--- What this task involves ---
Copy word for word the lines in the records below, starting at the line with "Ros-Bendoll, 2.5, 5" and ending at the line with "3.食品:飲料、礦泉水、純凈水的菌落總數(shù)檢查。 | 4.化工:各種需測(cè)試微生物的水樣檢測(cè)。 |". Skip the pictures.

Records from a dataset

◆ ◆ ◆ ◆ ◆ ◆ ◆

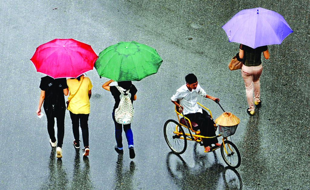 Dans sa maison, l’artiste septuagénaire est ivre de bonheur en présentant ses œuvres préférées. Parmi elles, la photo Dòng đời (Courant de la vie) qu’il a prise du haut de l’immeuble City View au 7, rue Ðinh Tiên Hoàng, au centre-ville. Un jeune handicapé modestement vêtu, sans chapeau, pousse une charrette sous la pluie battante, et en sens inverse quatre passants bien habillés avec des parapluies colorés. “Dans notre vie, il y a encore trop de gens vulnérables qui ont besoin de protection et d’aide”.
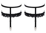 Svart, dubbelt strumpeband från Cottelli Accessoires med avtagbara strumphållare. Av mjuk sammet med silverfärgade ringar och fin spets. Mjukt och elastiskt så att det sitter perfekt. Strumphållarna kan justeras i längd. 1 par.
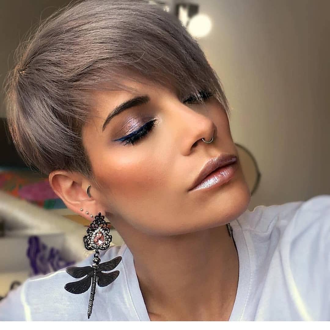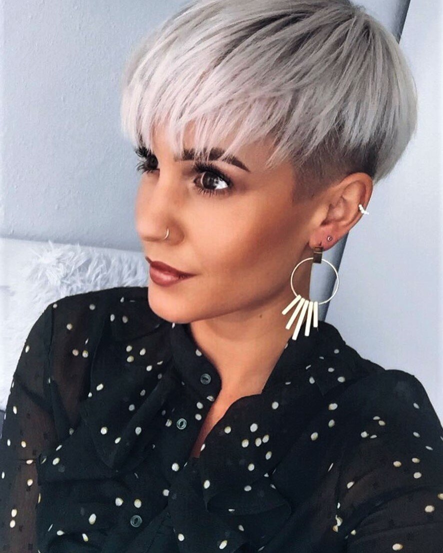 Стрижка Пикси на короткие волосы в пепельном оттенке
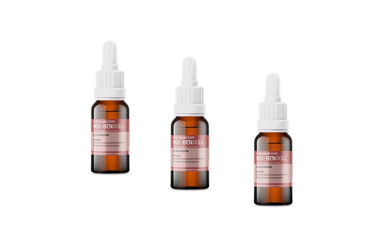 Ros-Bendoll, 2.5, 5 ve 10 ml olarak tip III cam şişelerde bulunan antijen, 40 μl’lik damlalık ve test pleyti ile birlikte karton kutu içine ambalajlanmıştır.
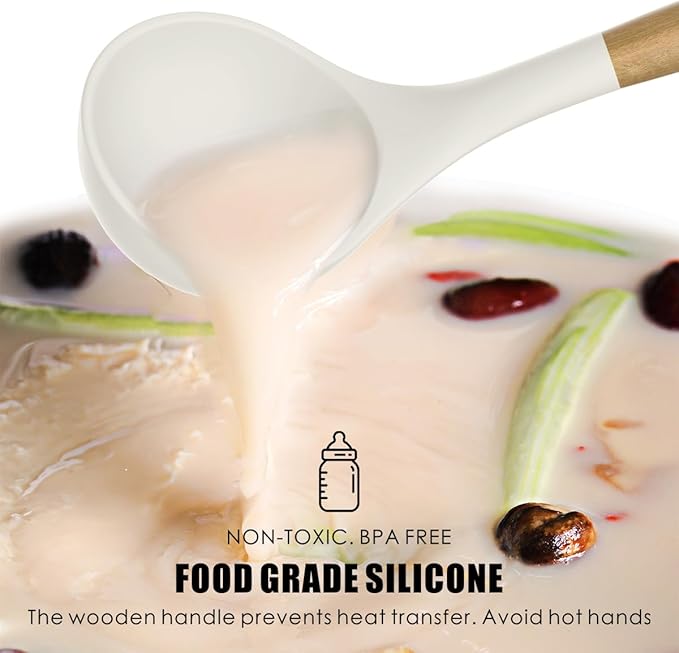 Silicone Cooking Utensils Set - 446°F Heat Resistant Silicone Kitchen Utensils for Cooking,Kitchen Utensil Spatula Set w Wooden Handles and Holder for Non-Stick Cookware (Cream White)
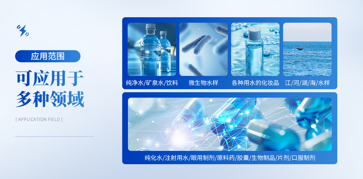 | 1.制藥:純化水、注射用水、原料藥及口服液、片劑、膠囊、生物制品及制劑的微生物限度檢查。 | 2.疾控:空調(diào)冷凝水、生活飲用水等水質(zhì)的細(xì)菌總數(shù)檢查,致病菌檢測(cè)。 | 3.食品:飲料、礦泉水、純凈水的菌落總數(shù)檢查。 | 4.化工:各種需測(cè)試微生物的水樣檢測(cè)。 |
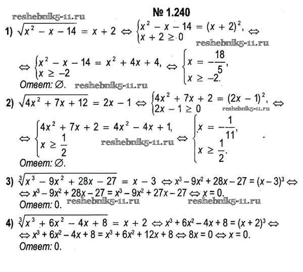 Готовая домашняя работа с ответами по Алгебре за 11 класс Кузнецова, Муравьева, Шнеперман, Ящин Учебник Народная асвета 2015 - Глава 1 1.240

◆ ◆ ◆ ◆ ◆ ◆ ◆

--- Response ---
 Ros-Bendoll, 2.5, 5 ve 10 ml olarak tip III cam şişelerde bulunan antijen, 40 μl’lik damlalık ve test pleyti ile birlikte karton kutu içine ambalajlanmıştır.
 Silicone Cooking Utensils Set - 446°F Heat Resistant Silicone Kitchen Utensils for Cooking,Kitchen Utensil Spatula Set w Wooden Handles and Holder for Non-Stick Cookware (Cream White)
 | 1.制藥:純化水、注射用水、原料藥及口服液、片劑、膠囊、生物制品及制劑的微生物限度檢查。 | 2.疾控:空調(diào)冷凝水、生活飲用水等水質(zhì)的細(xì)菌總數(shù)檢查,致病菌檢測(cè)。 | 3.食品:飲料、礦泉水、純凈水的菌落總數(shù)檢查。 | 4.化工:各種需測(cè)試微生物的水樣檢測(cè)。 |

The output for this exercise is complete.